A few blocks away, his granddaughter was showering after returning from her night job, her uniform crumpled on the bathroom floor. The team bus was to pick her up for the game in 10 minutes. She wondered, as the warm water splashed down her hair, why she still kept that night job, living at home. Her athletic salary could maintain her. Greed, she supposed. She never would have met the coach, probably never would have been invited onto the team, without the night job. She had her grandfather's gift for making the right friends. Why should she be banished to this lacklustre neighbourhood beyond the inner ring road? Didn't she deserve a smart lifestyle in the city centre?

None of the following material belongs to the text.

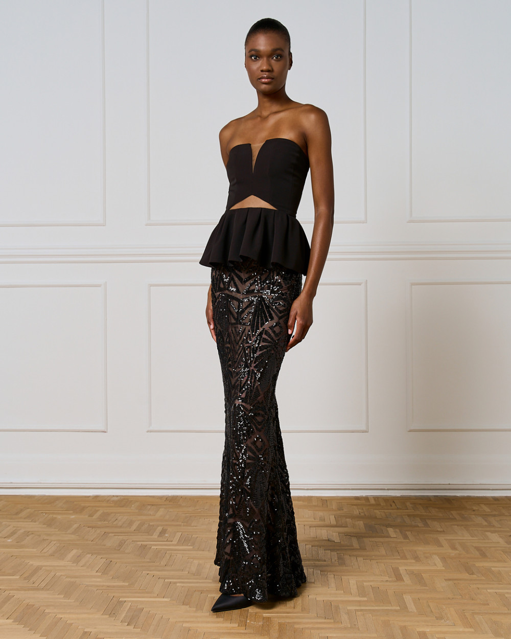 – Strapless with a deep front cut-out

From the Arenales Family box, Conception's empty eyes looked right through the game as it entered the second half. Adriana and Adolfo threw food, mostly at each other, and sang along with the crowd. Robin Peacock practised perfect posture on the hard bench while Marcos gobbled Choripan meat sandwiches, some of which lodged in his moustache and teeth. Ernesto Kiflinbach, on his way back from the men's room to the team's family seats, steadied himself with his cane. Goal! The crowd stood, bits of paper flew. Fifty-seven thousand nine hundred and twenty-one spectators roared. The forward's face was projected onto the big screen as she ran, arms raised in victory. Conception's heart skipped a beat; the eyes of her dead lover projected three stories high onto the jumbo screen. She felt faint. Those eyes, which had lived within her most secret spot, were naked. She gasped and tottered on to an old man making his way down the stairs. Marcos raised his binoculars with greasy fingers. "That girl!" the binoculars slipped from his hands splashing into the cup of beer held between his legs. Robin clapped, ignoring the unpleasant splash on her wardrobe. Once a force to be reckoned with, now brittle, the old man, Ernesto Kiflinbach lost his balance and tumbled down the stadium stairs. The children silenced their bickering. Blood again flowed. The pool beneath Robin's seat was not beer, it was a small drop of menstrual blood not seen since her eighteenth year. The exterminators killed everything living in the walls of 1420 Santos Dumont.

As the paramedics carried the broken old man away, the twin boy, Adolfo thought he saw himself in that stranger's glassy eyes. "May God bless you, my son," the wrinkled lips whispered to him in a dying language.